Mikels later commented on the film: "My kids say it's the best picture I ever made."

==Plot==
A young couple on vacation see a hunter murder another and end up becoming the hunted.

==Cast==
- Gary Clarke as Jimmy Grant
- Jeannine Riley as Lori Grant
- Steve Ihnat as Al
- Gordon Mauser as Chuck

==Production==
The film was shot in 1959 in Bend, Oregon, where Mikels lived for a decade. He had moved there to direct community theatre, and found work as a stuntman on films like Tonka and Day of the Outlaw as well as making educational documentaries and short dramatic films. He self-financed his debut feature which was originally called Crosshair and then was retitled Strike Me Deadly. Mikels later said he sold everything he owned to make the movie and that it was far more representative of the types of films he wanted to make than the horror and sci fi he became famous for. His parents helped him finance the movie but they died in a car crash before it was completed.

Mikels met Steve Inhat through Gary Clarke. Mikels came up with the original script but Inhat made so many suggestions that Mikels liked, Inhat was given co credit as writer.

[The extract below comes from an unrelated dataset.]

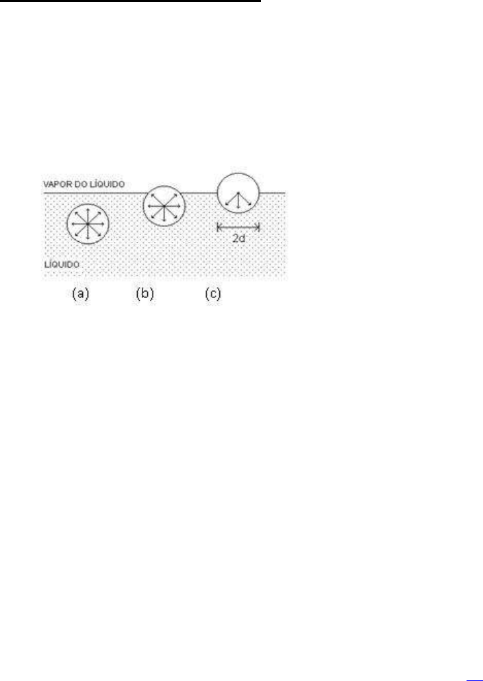 Tópico 6: Tensão Superficial dos Fluidos As forças intermoleculares nos líquidos são diretamente responsáveis por fenômenos de capilaridade tais como a subida de líquido em tubos capilares, a completa umidificação de uma toalha quando uma ponta fica mergulhada na água, etc, e também por fenômenos de superfície tais como uma agulha que flutua sobre a superfície da água, muito embora sua densidade seja muito maior do que a da água, a caminhada dos insetos sobre superfícies líquidas, etc. Figura 1 Consideremos um líquido em equilíbrio com seu vapor. Uma molécula no interior do líquido (Fig.1(a)) é solicitada igualmente em todas as direções, pelas forças de atração das moléculas vizinhas, de modo que estas forças estão perfeitamente balanceadas (equilíbrio de forças). Para uma molécula que se encontra a uma distância da superfície do líquido menor do que d (Fig.1(b)), as forças sobre ela se tornam desbalanceadas, já que um hemisfério, abaixo dela, está preenchido totalmente com moléculas que a atraem, e o hemisfério acima dela, por se estender além da superfície do líquido, está preenchido apenas parcialmente com moléculas que a atraem. Para uma molécula exatamente na fronteira do líquido, o desbalanceamento das forças é máximo (Fig.1(c)). Assim, existe uma forte tendência de as moléculas que se encontram dentro de uma camada superficial ser puxada para o interior do líquido e por isso a superfície do líquido tende a se contrair espontaneamente nesta direção[1]. Se um líquido tem uma interface com o seu próprio vapor, as moléculas da camada superficial estão submetidas a uma força dirigida para o interior do líquido. Se uma molécula da camada superficial se move para o interior do líquido, esta força realiza um trabalho positivo sobre ela. E se uma molécula se move do interior do líquido para a camada superficial, esta força realiza um trabalho negativo sobre ela. Sendo dA uma variação infinitesimal da área da superfície de um líquido (a temperatura constante), o trabalho da força dirigida para o interior pode ser escrito: file:///E:/UNIP/FÃsica%20Aplicada/MecFlu/Tópico%205%20Tensão%20Superficial%20(FÃsica%20Aplicada).doc%23_ftn1 definindo o coeficiente de tensão superficial ou, simplesmente, a tensão superficial, , do líquido, para caracterizar as propriedades da camada superficial. A tabela a seguir mostra alguns valores da tensão superficial. Tensão Superficial para Líquidos em Contato com o Ar Substância Temperatura (oC) (dyn/cm) Glicerina 20 63,1 Mercúrio 20 465,0 Azeite 20 32,0 Água 0 75,6 Água 20 72,8 Água 60 66,2 As moléculas da camada superficial do líquido têm energia potencial maior do que as moléculas do interior, energia esta que resulta do trabalho realizado pelas forças de atração exercidas pelas moléculas do interior do líquido sobre as que se deslocam para a superfície. E como qualquer sistema em equilíbrio está no estado, dentre os possíveis, para o qual a sua energia é mínima, um líquido em equilíbrio deve ter a menor área superficial possível, ou seja, devem existir forças agindo no sentido de reduzir esta área. Um líquido se comporta, portanto, como se existissem forças tangentes à superfície, chamadas forças de tensão superficial, e o coeficiente pode ser pensado como a força de tensão superficial por unidade de comprimento. A tensão superficial decresce com o aumento da temperatura. Com maior energia cinética, as moléculas passam menos tempo próximas umas das outras e as forças intermoleculares perdem eficiência. Resumo: Quando há uma molécula no interior de um líquido, ela está mercê de forças que a atraem por todas as direções, e o vetor dessas forças é nulo. Entretanto se uma molécula está na superfície de um líquido, então ela é solicitada para o interior do líquido por uma força de coesão que é perpendicular à superfície do mesmo necessitando de certo trabalho para deslocar as moléculas dessa força oposta. O termo tensão superficial é utilizado para identificar a tensão aparente na camada superficial de um líquido, essa camada comporta-se como uma membrana distendida e pode ocasionar uma diferença de pressão através de uma superfície líquida curva, como descreve Brighton e Hughes (1979). As unidades da tensão superficial são as de força por comprimento N/m ou lb/ft. A força da tensão superficial resulta do comprimento multiplicado pela tensão superficial, sendo o comprimento do fluido em contato com o sólido. Tensoativos A água não molha muito bem as superfícies onde é aplicada e, por isso, não lava eficientemente. Isto pode ser observado quando enchemos um copo e o esvaziamos: o recipiente fica umedecido internamente de forma irregular, apresentando áreas secas e áreas úmidas. Para aumentar a eficiência da água na remoção de manchas e sujeiras de roupas, por exemplo, adicionam-se compostos chamados tensoativos que diminuem a tensão superficial, favorecendo o seu espalhamento e promovendo um contato mais íntimo com a superfície a ser limpa. Estes compostos são os principais componentes dos detergentes. Os tensoativos reduzem a tensão superficial porque suas moléculas têm uma cabeça hidrofílica (com afinidade com a água) e uma cauda hidrofóbica (com pouca ou nenhuma afinidade com a água). A primeira adere às moléculas de água, quebrando suas atrações intermoleculares e permitindo a expansão da área de contato da água com a superfície que deve molhar. Os tensoativos também ajudam a deslocar e a dispersar as partículas de sujeira. A maior parte da sujeira é do tipo graxa. Nesse caso, as caudas hidrofóbicas das moléculas do tensoativo se fixam na sua superfície, com as cabeças hidrofílicas em contato com a água. Assim, a graxa fica isolada do tecido, podendo ser deslocada com o fluxo de água. Por outro lado, depois que as partículas de sujeira são removidas,

Mikels said he "did everything" on the film, "even shot some of the scenes in it, shot the smoke jumpers getting into their gear and into the airplane. We had a lot of 4H bombers putting out fires, it was an exciting thing to do."

==Reception==
The film took a number of years to finish and be released. Mikels said the movie "could have done good things. It did play theaters and played television. It’s one of these things where you get into distribution and you never know what happens. I never knew what happened to it and I never got any money.... The big problem I had with that was that films were just starting to change over to color. I just couldn’t come up with the money to buy color film instead of black and white and that hurt." However the film helped launch the career of several of the cast and was admired by Wayne Rogers, who subsequently made three films with Mikels.